Agriculture continues to be Londrina's major economic activity, although its importance has diminished in recent years. Agricultural activity was diversified beyond coffee, and today corn, wheat, cotton, horticulture, beans, peanuts, rice, sugar cane, soy bean, and fruit plantations thrive due to the rich Northern Paraná/South Western São Paulo State "terra roxa/vermelha" crimson soil. Although the city has increased its industrial park by adding weaving, textiles and agricultural factories, Londrina's main wealth continues to be agricultural production. Today, Londrina is also known for its commerce and service sectors. Moreover, real estate is another growing sector that has generated jobs and boosted even more the size of this city in Paraná.

It possesses one of the largest universities in the country, the Londrina State University, as well as several private colleges.

The city is served by Londrina – Governador José Richa Airport.

Once a year, the city hosts the largest agricultural fair in Latin America, the Expo Londrina.

== Policy ==
According to the 1988 Constitution, Londrina is located in a presidential federal republic.

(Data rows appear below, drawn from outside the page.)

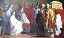 - ↑ Wilfried Hartmann (de) : Kaiser Karl der Große (768/800-814). In: Gerhard Hartmann, Karl Schnith (Hrsg.): Die Kaiser. 1200 Jahre europäische Geschichte. Marix Verlag Wiesbaden 2006 (ISBN 3-86539-074-9), S. 42 f.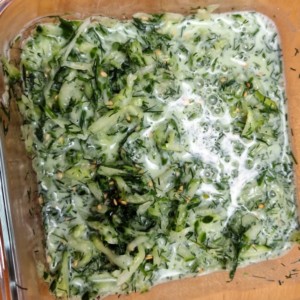Zuerst stelle ich alle Zutaten zusammen, schäle Kartoffeln, reibe die Gurken und schneide die Kräuter (Schnittlauch, Dill, Estragon). Füge dann die Kräuter dem Gurkensalat zu und auch dem Senf.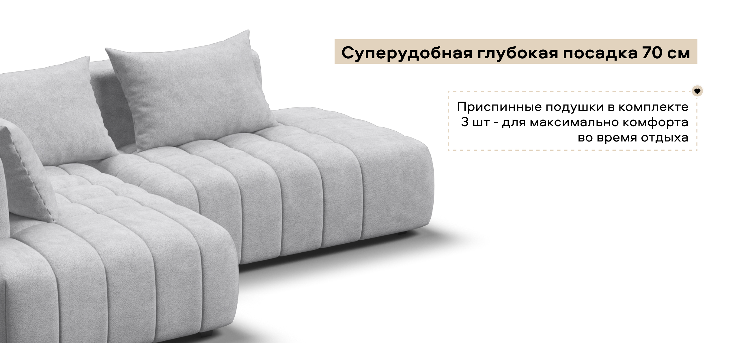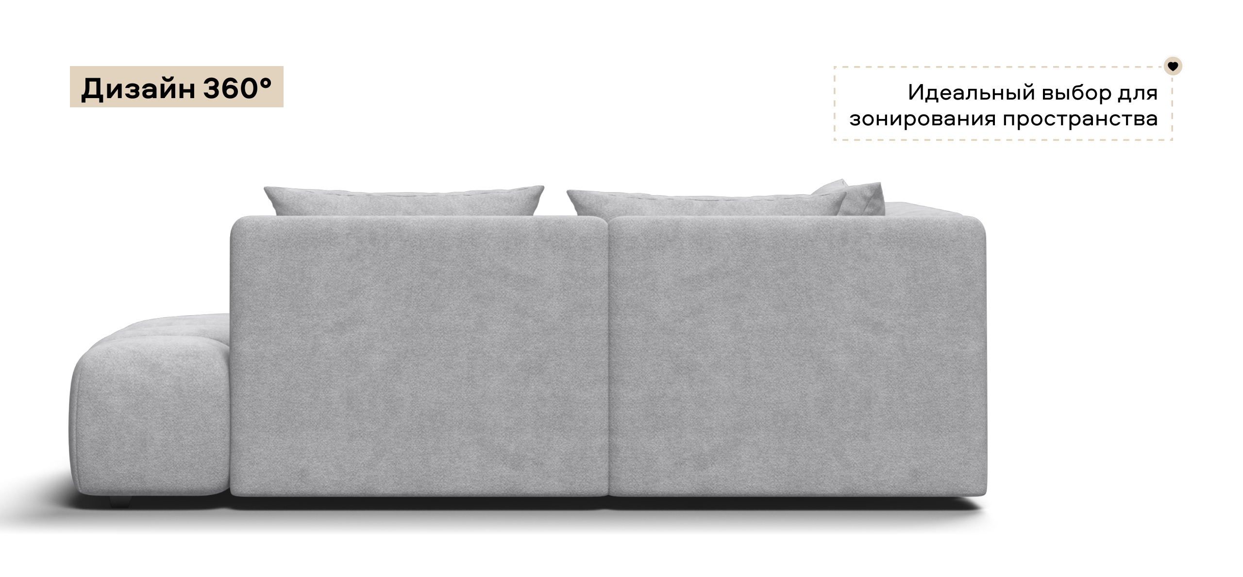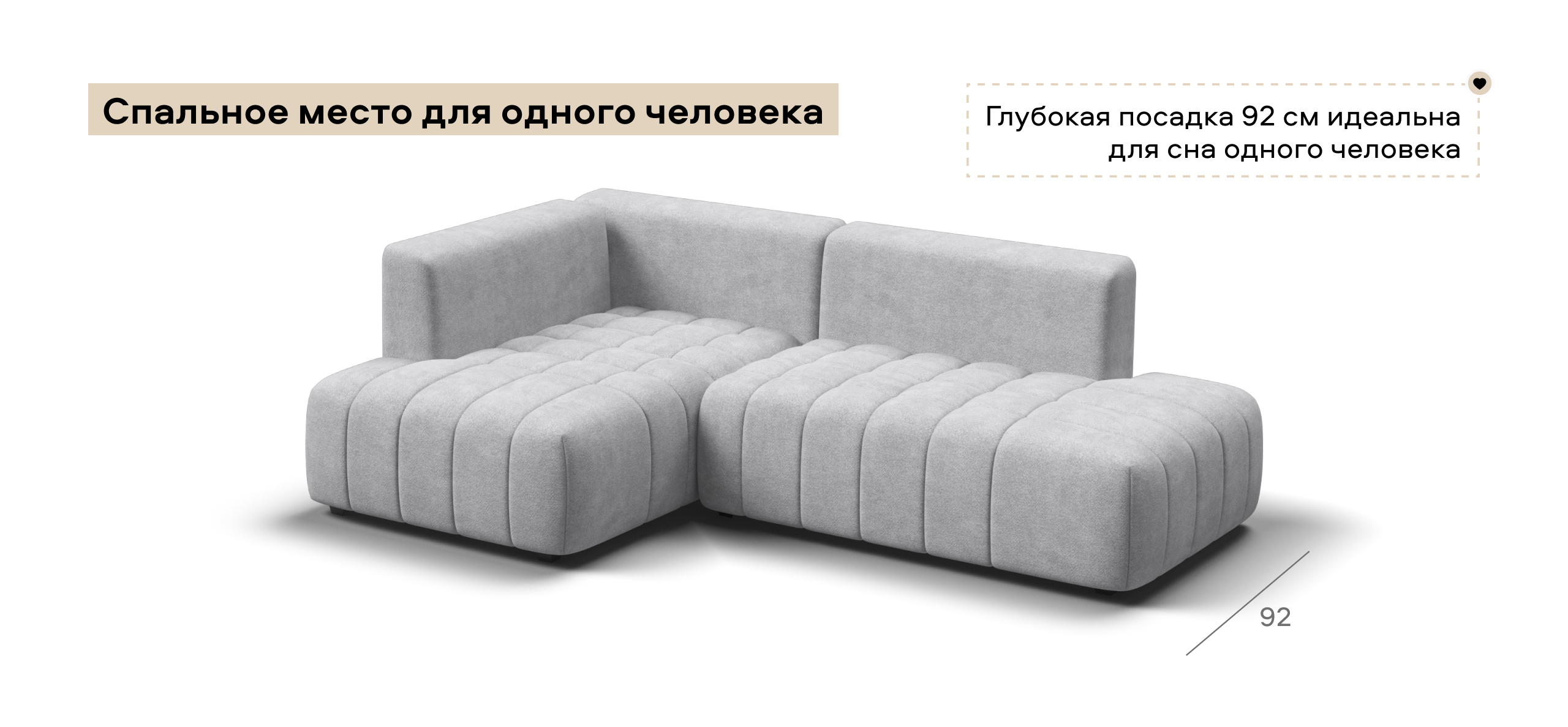 Благодаря инновационной системе креплений и быстросъёмным элементам Вы с лёгкостью можете поменять конфигурацию и адаптировать диван под новое пространство.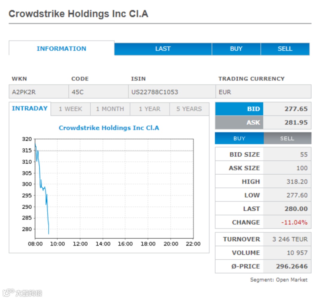 股价方面,Crowdstrike Holdings Inc在德国Tradegate交易平台下跌超11%。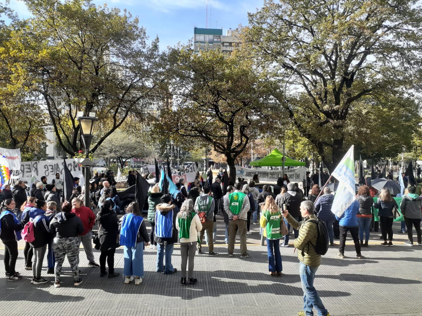 Organizaciones sociales, gremiales, políticas y organismos de Derechos Humanos se concentraron en la plaza central de la ciudad para expresar su rechazo a la represión en Jujuy, la criminalización de la protesta y la reforma constitucional “de espaldas al pueblo”.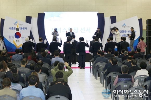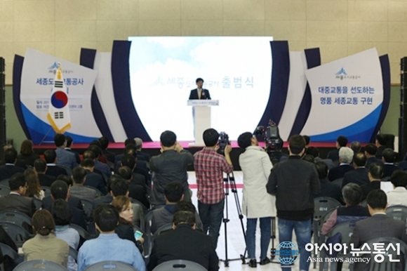 국내 최초 버스중심 공기업인 세종시 도시교통공사가 13일 어진동 복합커뮤니티센터에서 출범식을 가졌다.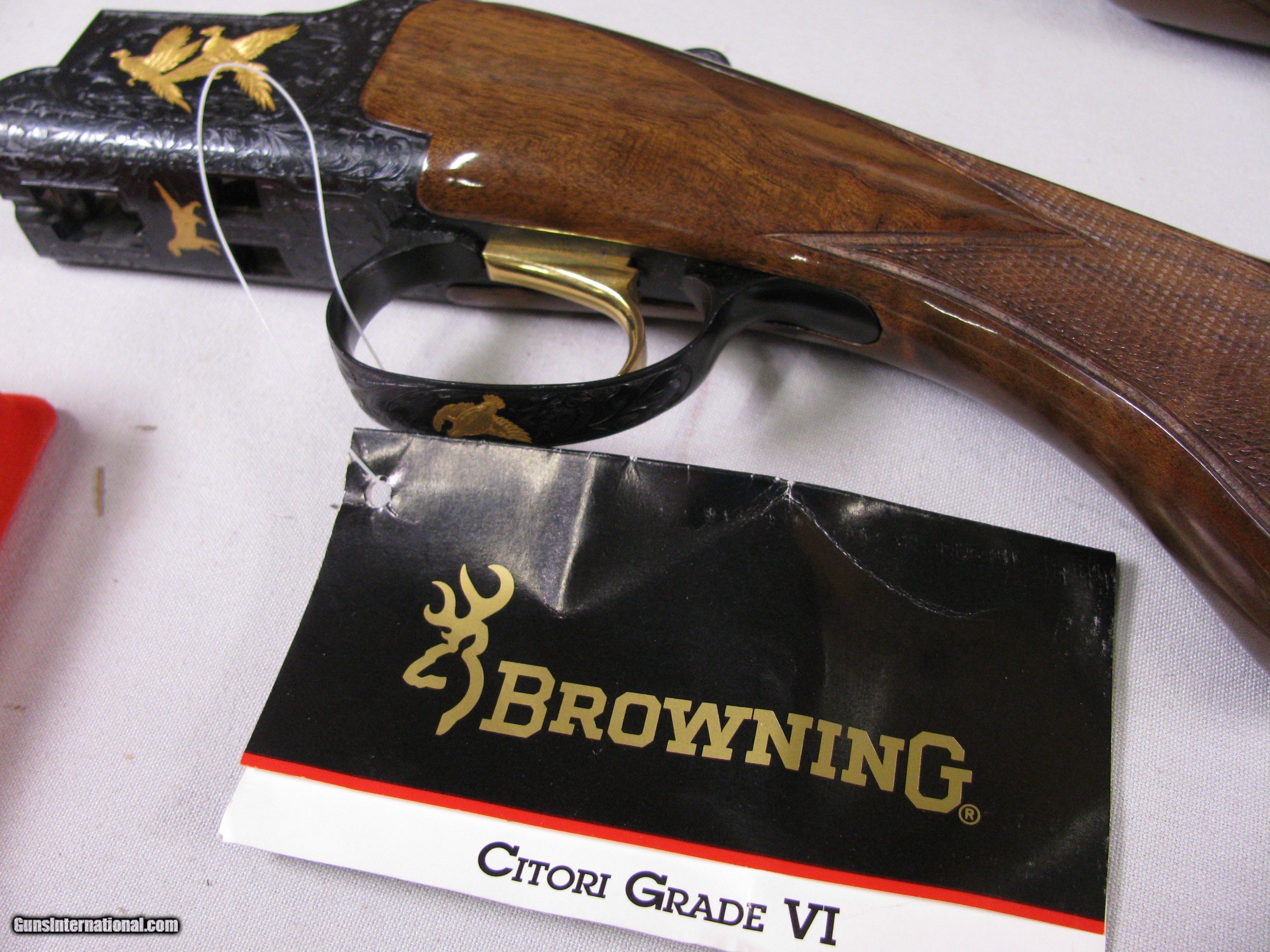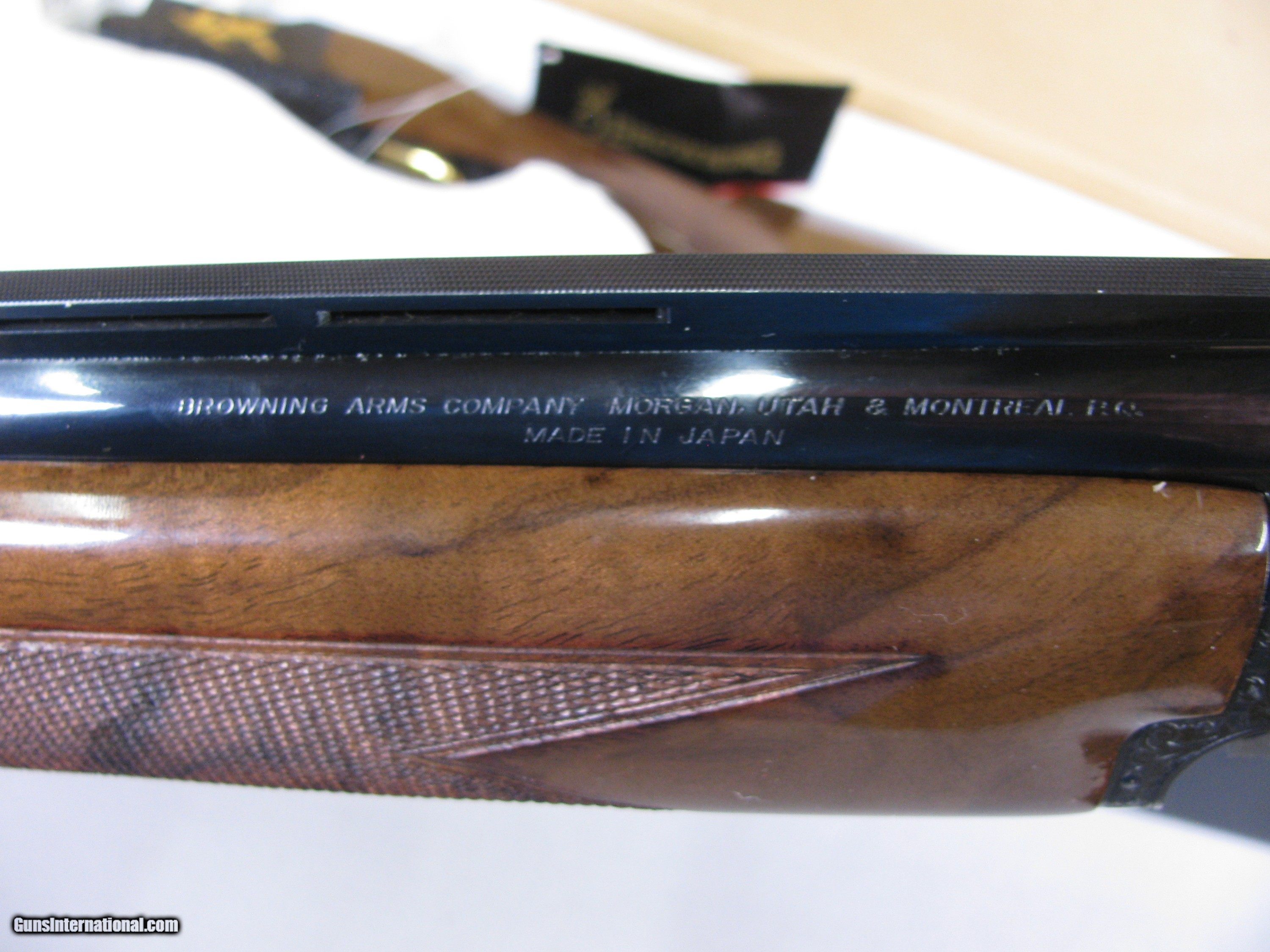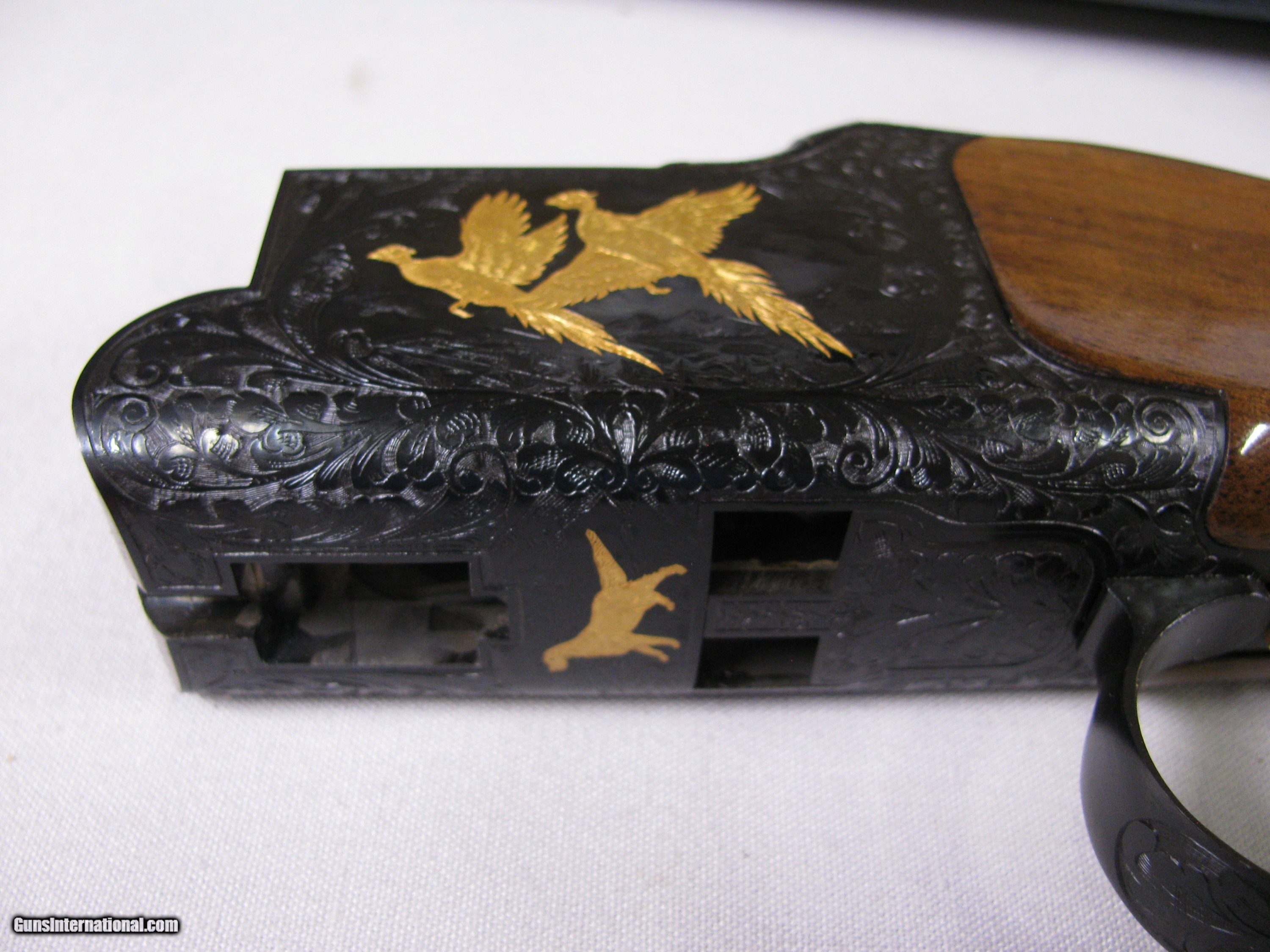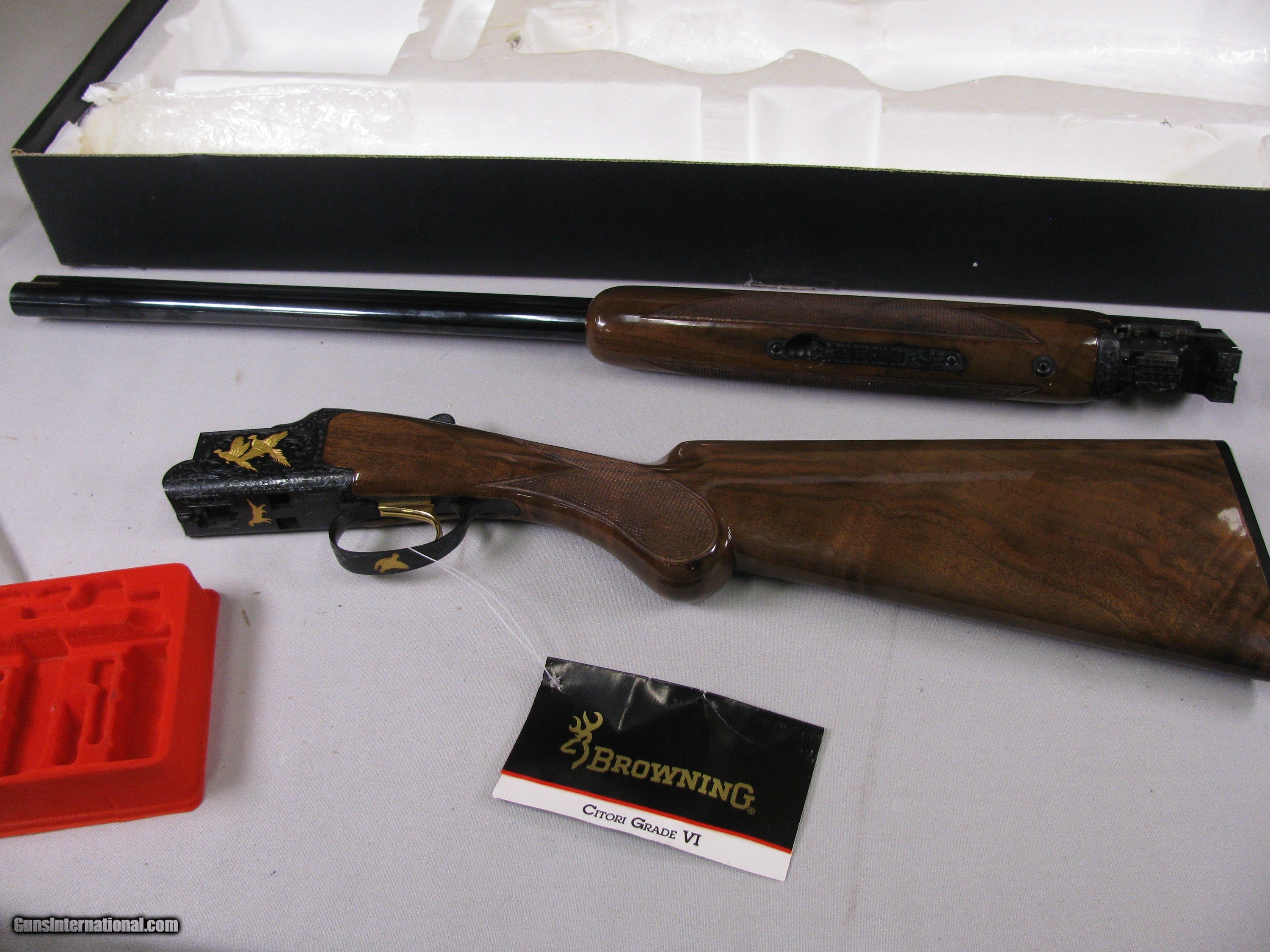 Description: 7940 Winchester Browning Citori Lightning Grade 6, 20 GA, 2 ¾ and 3 Inch chambers, Browning Butt Plate, Vent Rib, Ejectors, Possibly unfired, less than 1000 made, 26” Barrells, Invector plus chokes (IC/Mod/Full) with wrench, All paperwork and hang tag, AA Fancy Walnut, Extremely hard to get, this is number 963, has 2 gold Pheasants, 3 gold ducks, 1 gold setter and 1 gold qual SOLD Shotgun Gauge: 20 Gauge |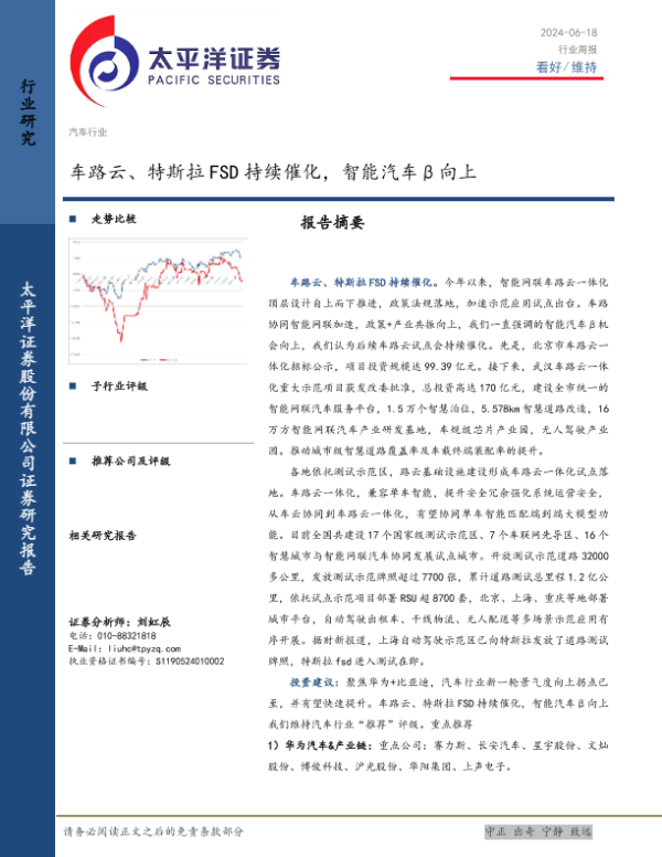 【太平洋证券】【20240618】20240618-太平洋-汽车行业周报:车路云、特斯拉FSD持续催化,智能汽车β向上-22页 行业研究

It was inspired by the American model; however, the Brazilian legal system follows the Roman-Germanic tradition of positive law. Municipal administration is governed by the executive and legislative branches.

The mayor elected in the 2012 Brazilian municipal elections to serve from 2013 to 2016 was Alexandre Kireeff of the Social Democratic Party (PSD). In the 2016 municipal elections, Marcelo Belinati of the Progressive Party (PP) was elected, and he was reelected in the 2020 municipal elections. In the 2024 municipal elections, Tiago Amaral of the Social Democratic Party (PSD) was elected.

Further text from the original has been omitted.